(Extracted data entries)
# # # # # # #

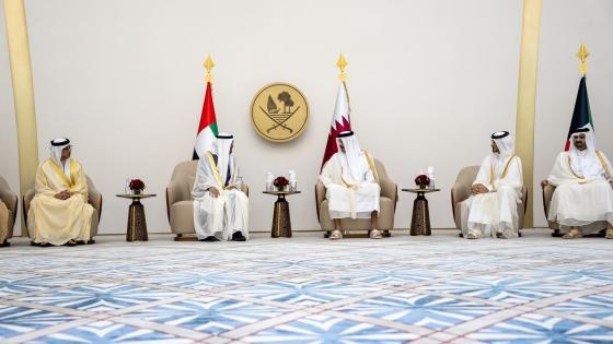 تقدم حضرة صاحب السمو الشيخ تميم بن حمد آل ثاني أمير البلاد المفدى، مستقبلي أخيه صاحب السمو الشيخ محمد بن زايد آل نهيان رئيس دولة الإمارات العربية المتحدة الشقيقة، لدى وصوله الصالة الأميرية بمطار حمد الدولي.
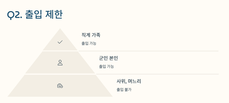 - 국군복지포털 앱 인증 필수, 군인 가족 신분만 출입 가능
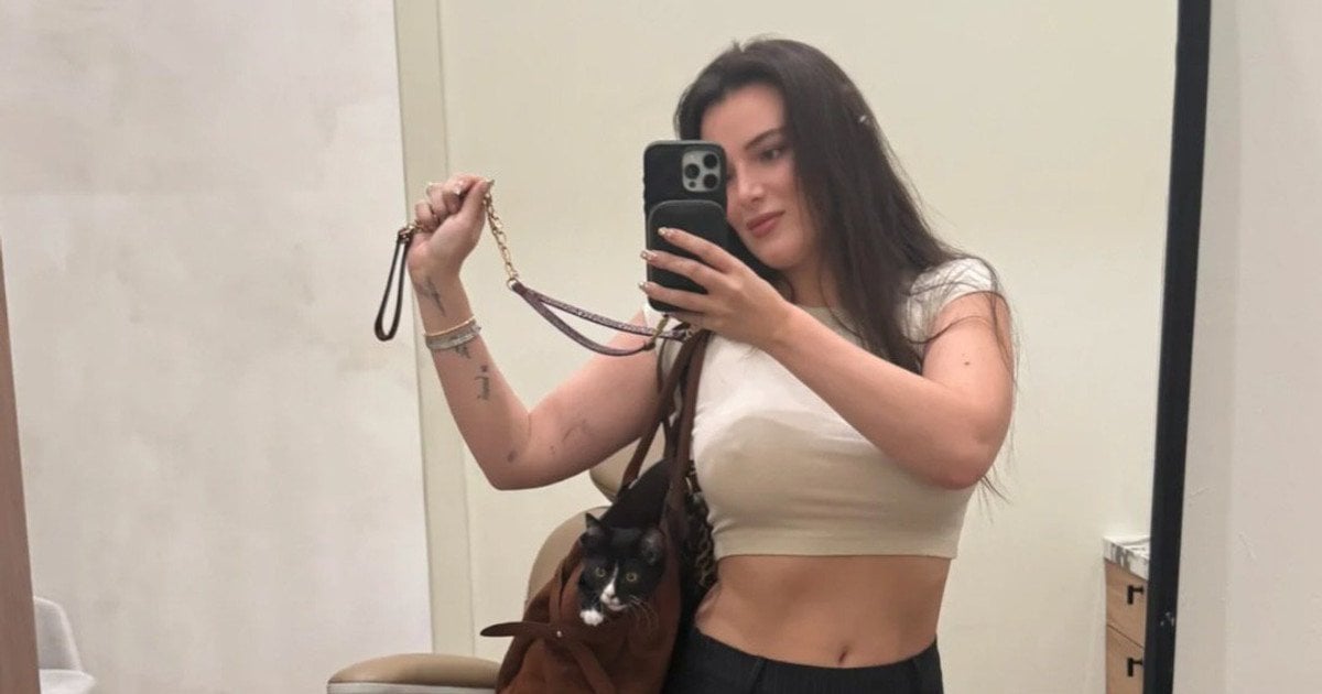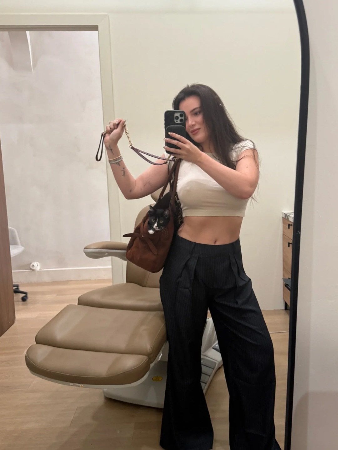 Белла Торн опублікувала в Instagram нові пікантні селфі, на яких вона постала із замшевою коричневою сумкою на плечі, у якій сидів милий котик.
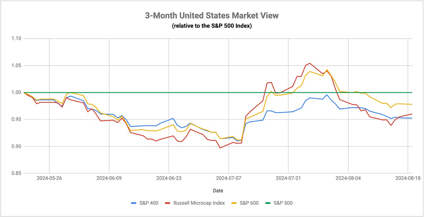 Market sentiment is pretty much back to where it was pre-VIX spike, which is to say that we’re back to an environment dominated by mega-cap tech. There are a couple of differences this time around though. The magnificent 7 stocks aren’t dominating in quite the same way that they were just prior to the reverse yen carry trade unwind. Communication services stocks are not really participating this time around either as it continues to disconnect from tech. Discretionary stocks are still mostly lagging, demonstrating that not all growth areas of the market are doing quite so well. If we also consider that credit spreads are still elevated compared to where they were a month ago, there’s a bit less confidence being signaled in the markets right now. Three of my signals are still risk-off, while gold and Treasury prices are still trending higher. This is all pretty consistent with my stance that investors are being sucked in by another bear market bounce. We already know that there are a number of economic signals indicating caution, but the fact that a number of financial market signals are confirming the same suggests that this market rebound isn’t as strong as it might seem.
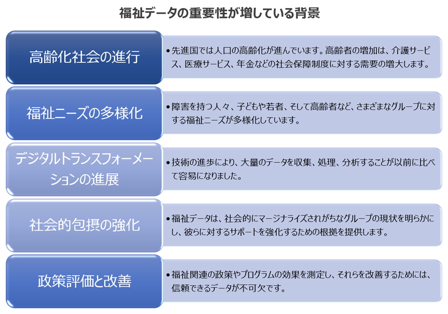 福祉データが重要となってきている背景には、いくつかの重要な社会的、技術的要因があります。以下に主な理由を挙げて説明します。
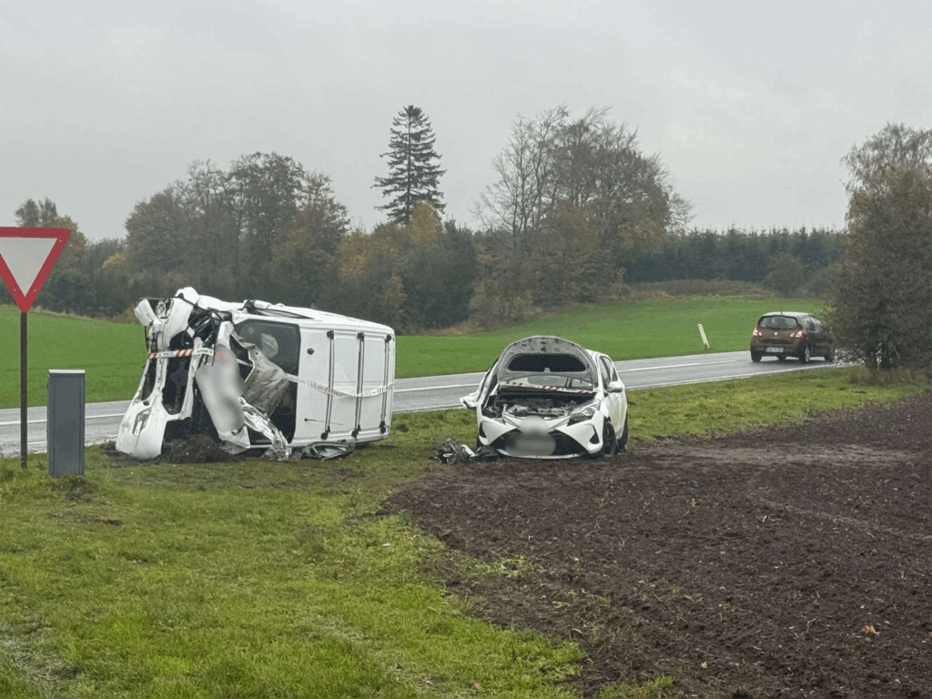 “Føreren af det ene køretøj er indlagt på sygehuset, og hans hustru, der sad i bilen, er desværre afgået ved døden,” siger vagtchef Rasmus Poulsen.
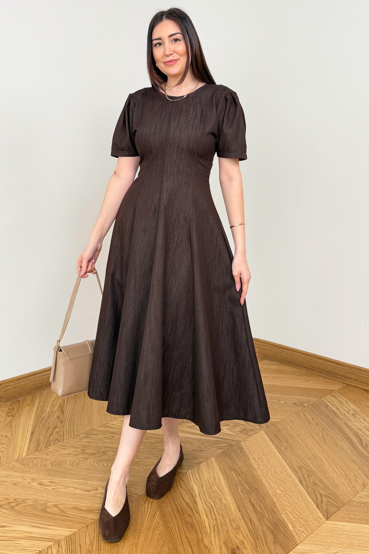 enim şıklığını feminen detaylarla yeniden yorumlayan bu tasarım, hem günlük hem de ofis stiliniz için kusursuz bir seçenek sunuyor. 120 cm boyu ve karakteristik balon kol yapısı ile modern bir silüet çizen elbise, kot kumaşın zamansız ve dayanıklı dokusunu zarif bir kesimle buluşturuyor. Arka kısmındaki gizli fermuar detayı sayesinde vücuda tam oturan bu parça, akışkan formuyla her adımda kendinizi hem rahat hem de sofistike hissetmenizi sağlıyor.
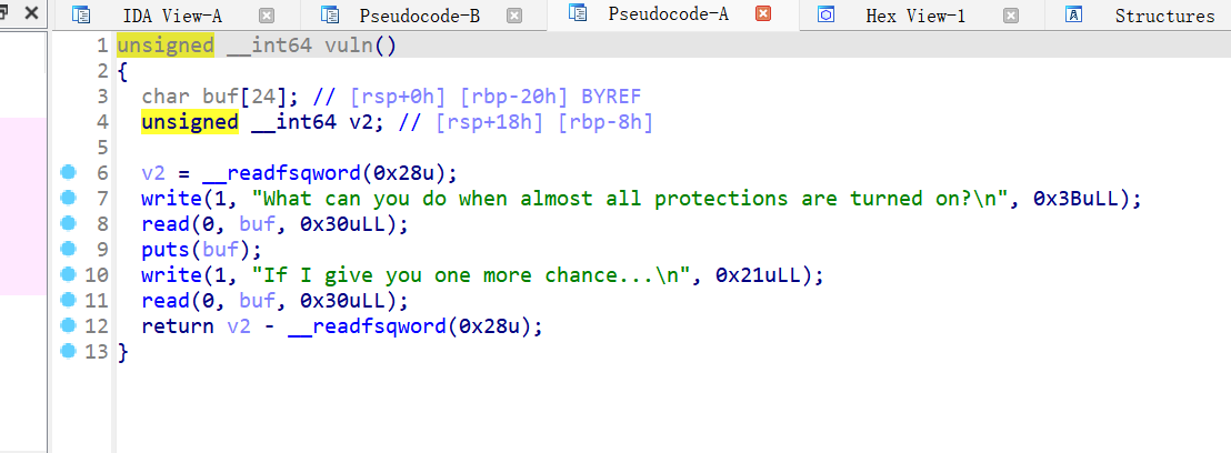 常规思路,第一次泄露canary,第二次跳到后门函数。但是观察到函数开了PIE,这里也只有8个字节的溢出,所以必须跳回vuln函数不能只输入两次。

# # # # # # #

(WHAT YOU WILL DO) The entries must be written out again unchanged. Images are to be left out.

(RESPONSE TO THIS EXERCISE)
 تقدم حضرة صاحب السمو الشيخ تميم بن حمد آل ثاني أمير البلاد المفدى، مستقبلي أخيه صاحب السمو الشيخ محمد بن زايد آل نهيان رئيس دولة الإمارات العربية المتحدة الشقيقة، لدى وصوله الصالة الأميرية بمطار حمد الدولي.
 - 국군복지포털 앱 인증 필수, 군인 가족 신분만 출입 가능
 Белла Торн опублікувала в Instagram нові пікантні селфі, на яких вона постала із замшевою коричневою сумкою на плечі, у якій сидів милий котик.
 Market sentiment is pretty much back to where it was pre-VIX spike, which is to say that we’re back to an environment dominated by mega-cap tech. There are a couple of differences this time around though. The magnificent 7 stocks aren’t dominating in quite the same way that they were just prior to the reverse yen carry trade unwind. Communication services stocks are not really participating this time around either as it continues to disconnect from tech. Discretionary stocks are still mostly lagging, demonstrating that not all growth areas of the market are doing quite so well. If we also consider that credit spreads are still elevated compared to where they were a month ago, there’s a bit less confidence being signaled in the markets right now. Three of my signals are still risk-off, while gold and Treasury prices are still trending higher. This is all pretty consistent with my stance that investors are being sucked in by another bear market bounce. We already know that there are a number of economic signals indicating caution, but the fact that a number of financial market signals are confirming the same suggests that this market rebound isn’t as strong as it might seem.
 福祉データが重要となってきている背景には、いくつかの重要な社会的、技術的要因があります。以下に主な理由を挙げて説明します。
 “Føreren af det ene køretøj er indlagt på sygehuset, og hans hustru, der sad i bilen, er desværre afgået ved døden,” siger vagtchef Rasmus Poulsen.
 enim şıklığını feminen detaylarla yeniden yorumlayan bu tasarım, hem günlük hem de ofis stiliniz için kusursuz bir seçenek sunuyor. 120 cm boyu ve karakteristik balon kol yapısı ile modern bir silüet çizen elbise, kot kumaşın zamansız ve dayanıklı dokusunu zarif bir kesimle buluşturuyor. Arka kısmındaki gizli fermuar detayı sayesinde vücuda tam oturan bu parça, akışkan formuyla her adımda kendinizi hem rahat hem de sofistike hissetmenizi sağlıyor.
 常规思路,第一次泄露canary,第二次跳到后门函数。但是观察到函数开了PIE,这里也只有8个字节的溢出,所以必须跳回vuln函数不能只输入两次。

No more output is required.